Blonde Venus (1932)
5/10
As famous as the "Goddess of Love", the movie is as broken down as her statue.
4 March 2013
Warning: Spoilers
Josef Von Sternberg really went over the top with this outrageous pre-code melodrama starring Marlene Dietrich about a devoted wife and mother (first seen as a single German girl swimming naked in a lake in her homeland) who becomes a kept woman in order to financially help her husband be cured of uranium poison. She later runs off with her son when he comes back and discovers her affair with Cary Grant, becoming a prostitute and later basically homeless in order to keep their whereabouts secret. She is forced to give him up, and is basically destitute when her fortunes turn and she becomes the singing toast of Paris. Von Sternberg lets Dietrich utilize every single emotion possible, running all over the world in every style, yet barely shedding a tear over all of heartache.

Herbert Marshall is the unfortunate husband and Dickie Moore the toted kid.
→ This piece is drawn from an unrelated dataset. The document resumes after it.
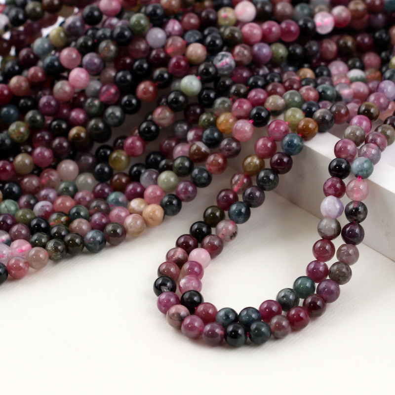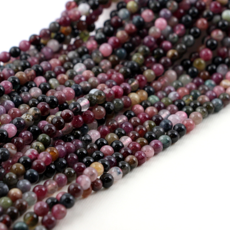 Kolorowy turmalin - małe gładkie kuleczki w rozmiarze ok. 4,5mm.

Grant's suave lover keeps getting the shaft as it is obvious where Dietrich's heart really is. She is the whole show, even performing in a gorilla suit she strips out of to sing "Hot Voodoo". Movie stills make this appear to be better than it is, its deliberate camp so obvious that you may laugh at it, not with it.
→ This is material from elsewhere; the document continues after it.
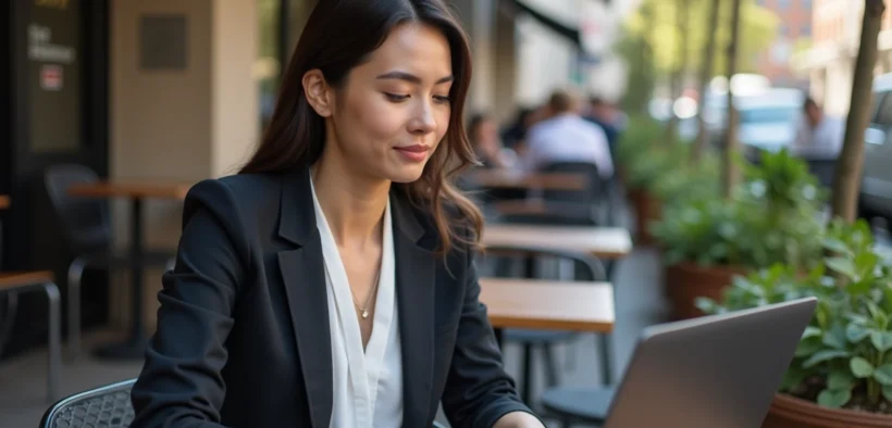 Jeune femme investisseuse analysant des graphiques au café
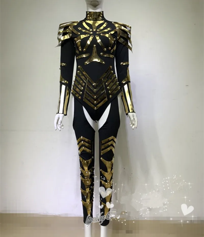 Комбинезон с золотым зеркалом, Женский солдат-воин, одежда для ролевых игр, одежда для диджея, ночного клуба, танцевальной команды, костюм для сцены, Косплея

Then, there is the editing, taking Dietrich down, down, down, ending up in a woman's shelter (15 cents a night) where she drunkenly stumbles in, tells off a bunch of old hags and stumbles right back out, and where do we see her next with no explanation of how she got there? Glamorously dressed to kill in Paris, of course, as famous as Josephine Baker. Only Von Sternberg and Dietrich could get away with this, style without substance and glamour without grace. The result is as phony as the curly blonde wig with arrows in it that she wears after stripping out of her gorilla fur.